Rabu, 18 Agustus 2010

CAROTID-CAVERNOUS FISTULATION

= Abnormal communications between the carotid arterial system and the venous cavernous sinus
Broadly classified as either direct or indirect, on the basis of anatomic features depicted on angiograms

Symptomatic direct CCFs (type A):
 - Spontaneously resolve only in rare cases
 - Almost always require urgent treatment, goal: to eliminate flow through the fistula but also to maintain internal carotid patency

Angiography, computed tomography (CT) scanning, magnetic resonance imaging (MRI), and magnetic resonance angiography (MRA) are also useful in assessing the effectiveness of treatment

CT and MRI are the preferred radiologic modalities compared with angiography:
 - Lower incidence of complications
 - Ability to depict peripheral pathologies associated with CCFs (eg, enlargement of cavernous sinus and the ophthalmic vein)
Angiography is used to confirm CT or MRI findings prior to treatment

Plain radiographic findings are most useful for follow-up after embolization therapy, to evaluate balloon positioning or possible leakage


CT finding:

Enlargement of the ipsilateral cavernous sinus
Enlargement and tortuosity of the superior ophthalmic vein
Enlargement of the extraocular muscles
Proptosis

MRI finding:

= CT
Abnormal flow voids in the affected cavernous sinus 
Decreased MRI signal in the involved cavernous sinus
Dilated intercavernous sinuses and intercavernous vessels
Lateral wall convexity of the cavernous sinus
Dilated superior ophthalmic vein, ipsilateral or contralateral
Orbital edema

USG:

Orbital sonograms demonstrate signs similar to those on CT scans and MRIs. In addition, orbital sonogram may demonstrate a reversal of flow direction in the superior ophthalmic vein.
Dilated tortuous veins may be prominent on B-scan echograms. With the A-scan method, dilated ophthalmic veins may be evident. A-scan ultrasonography also can show thickening of the optic nerve.

Nuclear Medicine:

Radionuclide cerebral angiography performed with technetium-99m pertechnetate shows increased uptake of the tracer in the area of the carotid siphons, with rapid clearance. This study is useful in the early postoperative period in a patient with a large CCF repair when angiography may be dangerous.

Angiography:

To accurately identify a carotid-cavernous fistula, selective catheterization of the right and left external and internal carotid arteries and the vertebral arteries is necessary.
Including the entire skull in lateral projection imaging is important.
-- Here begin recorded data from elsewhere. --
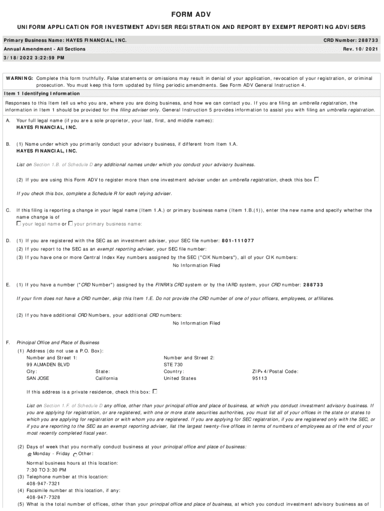 This document serves as an application and report for investment adviser registration and includes pertinent identifying information, business details, and regulatory compliance data for Hayes Financial, Inc.
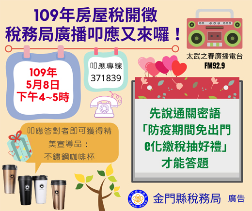 金門縣稅務局因應109年房屋稅開徵及行動支付或網路繳稅抽獎活動宣導,今(8)日下午4時至5時將在太武之春廣播電台,廣播調頻FM92.9,辦理廣播叩應,開放電話:371839,該局備有20份不鏽鋼咖啡杯精美宣導品,歡迎鄉親屆時收聽叩應得好禮。 稅務局表示,109年度房屋稅繳款書已寄出,如未收到稅單或遺失,徵期內(即5月31日前)可逕向全國各縣市地方稅務局(處)全功能櫃台,或飛躍稅務通跨區服務,均可辦理全國跨區補發當期繳款書,歡迎民眾多加利用,如有疑問也可撥打該局服務電話:(082)325197洽詢。 稅務局指出,為推廣行動支付及網路繳稅,鄉親以行動支付或網路繳納房屋稅還可抽好禮,在109年房屋稅開徵期內(5月1日至31日),以行動支付或網路繳納金門縣開徵的繳款書(稅單),就可參加抽獎活動。 行動支付方式有二,一是下載以開辦「行動支付工具」繳稅業者之APP「台灣行動支付(台灣Pay)、ezPay簡單付、i繳費及各行動網銀App介接台灣Pay」;二是在金門監理站及稅務局,持稅單臨櫃以行動支付感應或信用卡刷卡繳稅。 網路繳稅方式則是透過網際網路連結網路繳稅服務站(https://paytax.nat.gov.tw)或掃描稅單上QR-Code,也可連結至網路繳稅服務網站,就可以信用卡、活期(儲蓄)存款帳戶或晶片金融卡繳稅,詳細繳納步驟稅務局網站活動專區也有詳細說明。 稅務局表示,今年的獎品有好禮一、600元賣場禮券共15份;好禮二、3,600元賣場禮券1份,名額增加5份,最高獎金由3,000元提高至3,600元,每人中獎以1次為限,獎項從優獲得,預計109年6月底前在公正人士見證下,辦理抽獎,希望鄉親把握機會。 另5月8日廣播叩應答題者限金門地區聽眾,要先說通關密語「防疫期間免出門e化繳稅抽好禮」才能答題,每一人及每一電話號碼限領取一份宣導品,領獎請持國民身分證正本或戶口名簿正本(經核對無誤後當場發還)及私章,於上班時間向太武之春廣播電台洽領,地址在金門縣金寧鄉伯玉路一段240巷9號,領獎期限自109年5月11日至6月10日止,逾期未領獎者一律視為棄權不再受理。 稅務局預先披露叩應宣導題目,內容如后: 1.109年房屋稅的開徵期間是什麼時候?2.金門縣稅務局109年清查「農業區」、「保護區」之哪種地目土地,就符合申請改課田賦,主動辦理改課「田賦」,達到免徵「地價稅」?3.109年房屋稅的課稅期間是什麼時候?4.109年幾月幾日起由國稅局、縣府建設處及稅務局共同推動「工商、稅捐一站式服務」,提供金門縣商業登記、稅籍登記及娛樂業代徵娛樂稅一站式服務?5.房屋稅的計算式是面積*標準單價*地段率*稅率*課稅月數=年度應納房屋稅,那決定房屋稅高低的三大基礎是什麼?6.娛樂稅之代徵人為娛樂場所、娛樂設施或娛樂活動之提供人或舉辦人,屬娛樂業類別請說出3種?7.違章房屋要不要課徵房屋稅?8.文化局與稅務局共同推出「您借書稅務局送贈品」,舊讀者(在5月1日前辦證者)於109年5月4日起一次借滿幾本書,可獲贈贈品提領券一份(限量640份),送完為止?9.認定住家用房屋屬自住的3條件是什麼?10.要使用哪2種方式繳納109年房屋稅,才可參加金門縣稅務局抽獎活動?11.房屋供作營業使用,但沒有取得營利事業執照,是不是就不必按營業用稅率課徵房屋稅?12.金門縣稅務局推出的行動支付繳稅有哪2種方式?13.房屋同時作住家及非住家用者,應以實際使用面積,分別按住家用及非住家用稅率,課徵房屋稅。但非住家用者課稅面積最低不得少於全部面積幾分之幾?14.使用網路繳納房屋稅,可透過網際網路或掃描稅單上的QR-Code就可連結哪個網站?15.工廠房屋在什麼情況下可以減半徵收房屋稅?16.使用網路繳稅,有哪3種繳稅方式可選擇?17.依據財政部109年3月9日令,個人、法人及非法人團體之負責人或主辦會計人員,因嚴重特殊傳染性肺炎(COVID-19)接受隔離治療、居家隔離、居家檢疫、集中隔離或集中檢疫,109年房屋稅繳納期間准予展延至同年幾月幾日?18.如果手機要下載APP繳納房屋稅,有哪3家APP?19.空置房屋應按什麼所載用途別,分別以非自住之住家用或非住家用稅率課徵房屋稅?20.如果要臨櫃以信用卡繳納金門地區109年房屋稅,可以去哪2個地方?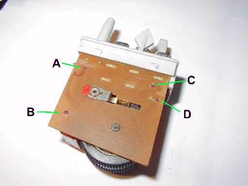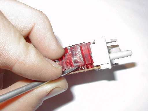 Der rote Kunststofflichtleiter (2) wird mit 4 Nasen (im Bild oben: A, B, C, D) an der Platine (6) festgehalten. Den überstehenden Teil der Nasen mit einer Schlüsselfeile vorsichtig abfeilen.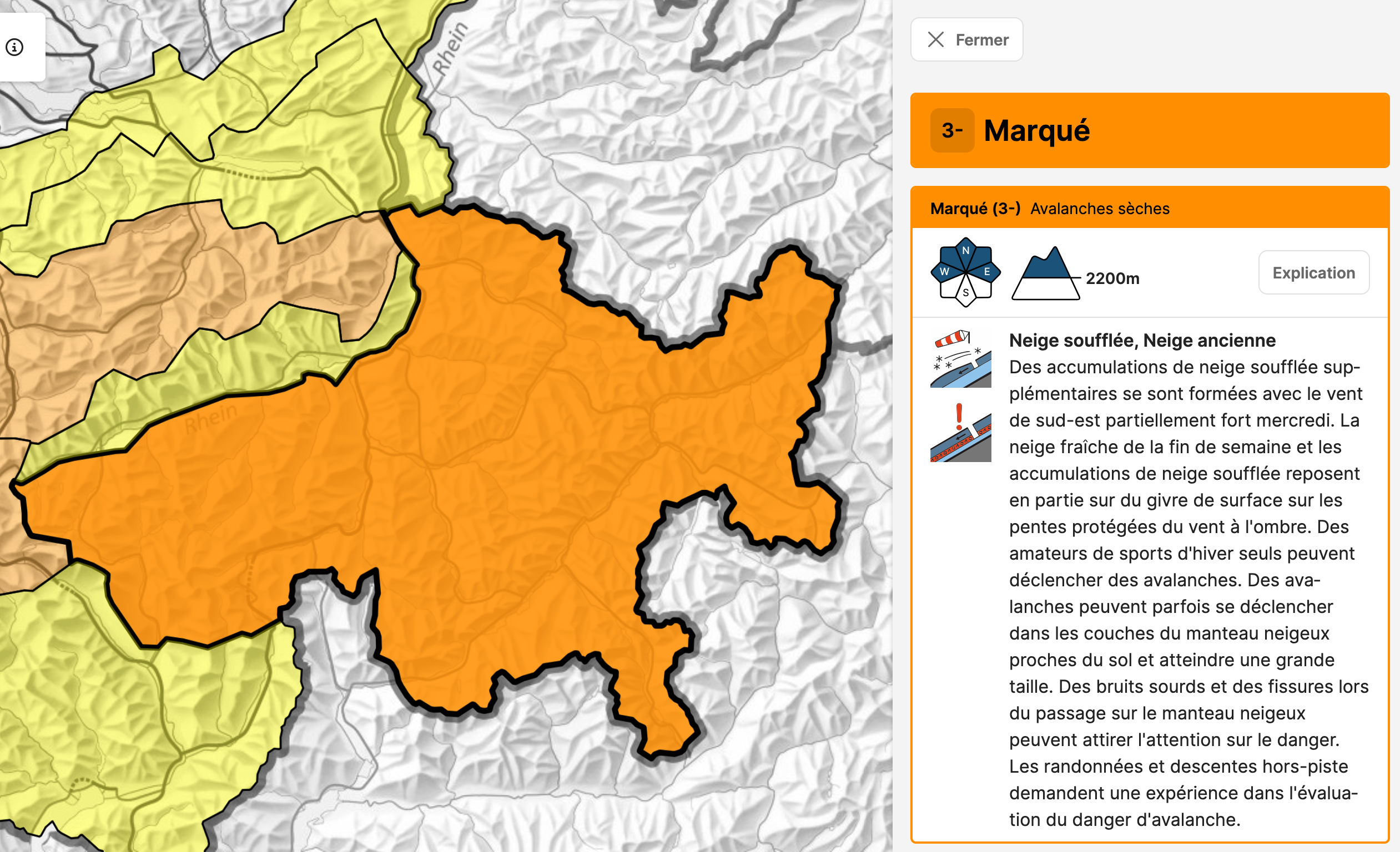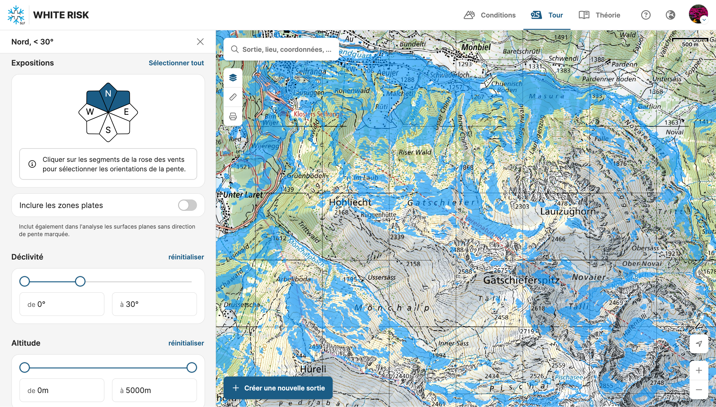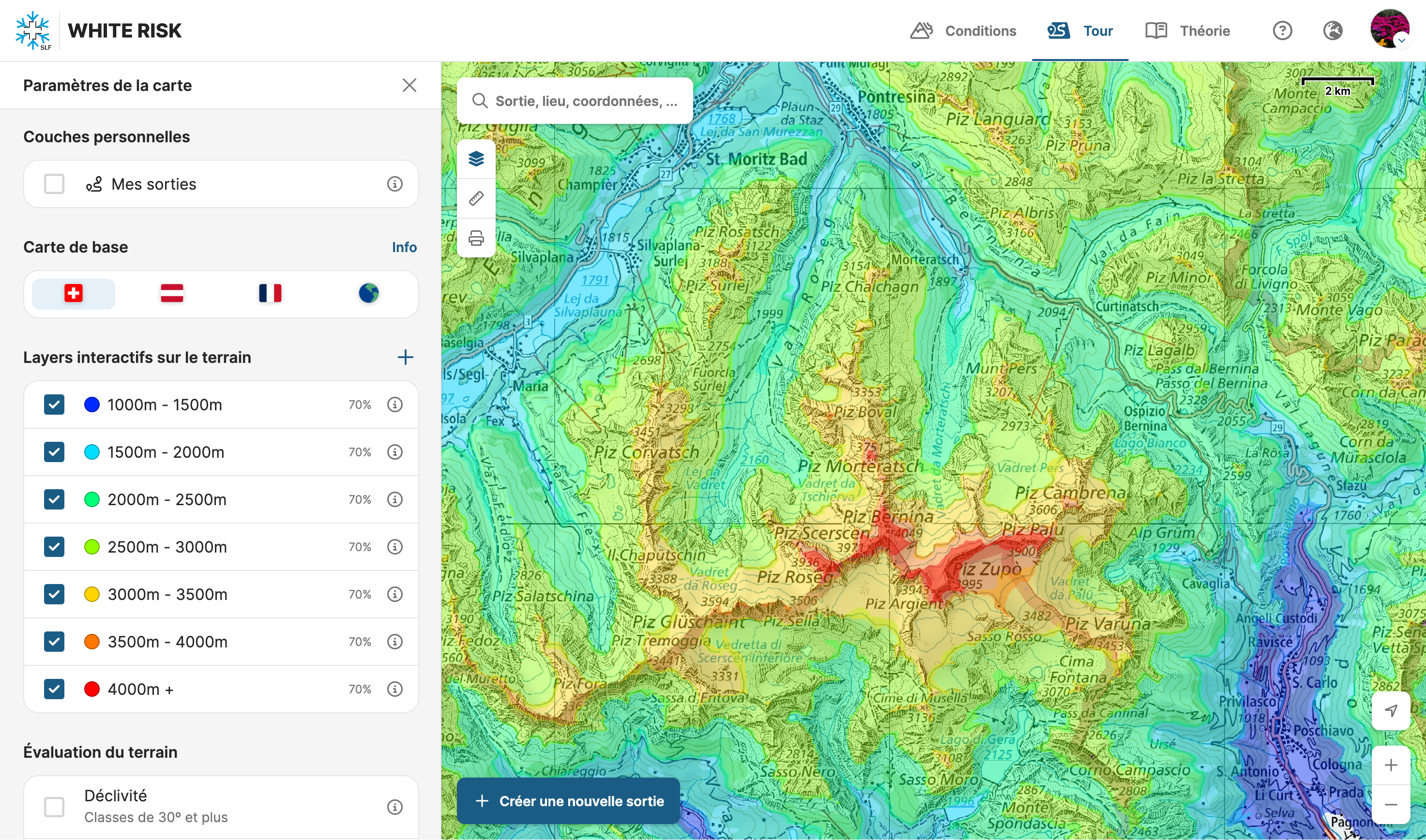 Les couches de terrain interactives te permettent de mettre en évidence des zones de terrain en fonction de caractéristiques spécifiques. Tu définis toi-même l'exposition, la pente et l'altitude qui t'intéressent. Toutes les zones répondant à ces critères sont directement mises en évidence sur la carte.

On an intracavernous carotid arteriogram in a patient with direct CCF, arteriovenous shunting into the cavernous sinus is evident
Immediate filling of the petrosal sinus and/or the ophthalmic vein is commonly evident when the intracavernous carotid artery is injected. Frame rates of greater than 5 frames per second and intracavernous carotid arterial injection rates of greater than 7 mL/s may aid in evaluating the morphology of high-flow fistulas.

The Mehringer-Hieshima maneuver may also be useful in improving delineation of the lesion. This maneuver involves a 2- to 3-mL/s injection into the ipsilateral intracavernous carotid artery with manual compression of the artery below the catheter tip in the neck. This compression allows flow control within the artery to aid in demonstrating the location of the tear.

The Huber maneuver involves an injection of the ipsilateral vertebral artery, with lateral-projection angiography performed by using manual compression of the affected carotid artery during the injection. The retrograde siphon filling of the cavernous sinus is evident. The maneuver helps in identifying the upper extent of the fistula, and it can further help in demonstrating double-hole traumatic fistulas and complete cavernous-intracavernous carotid artery transection.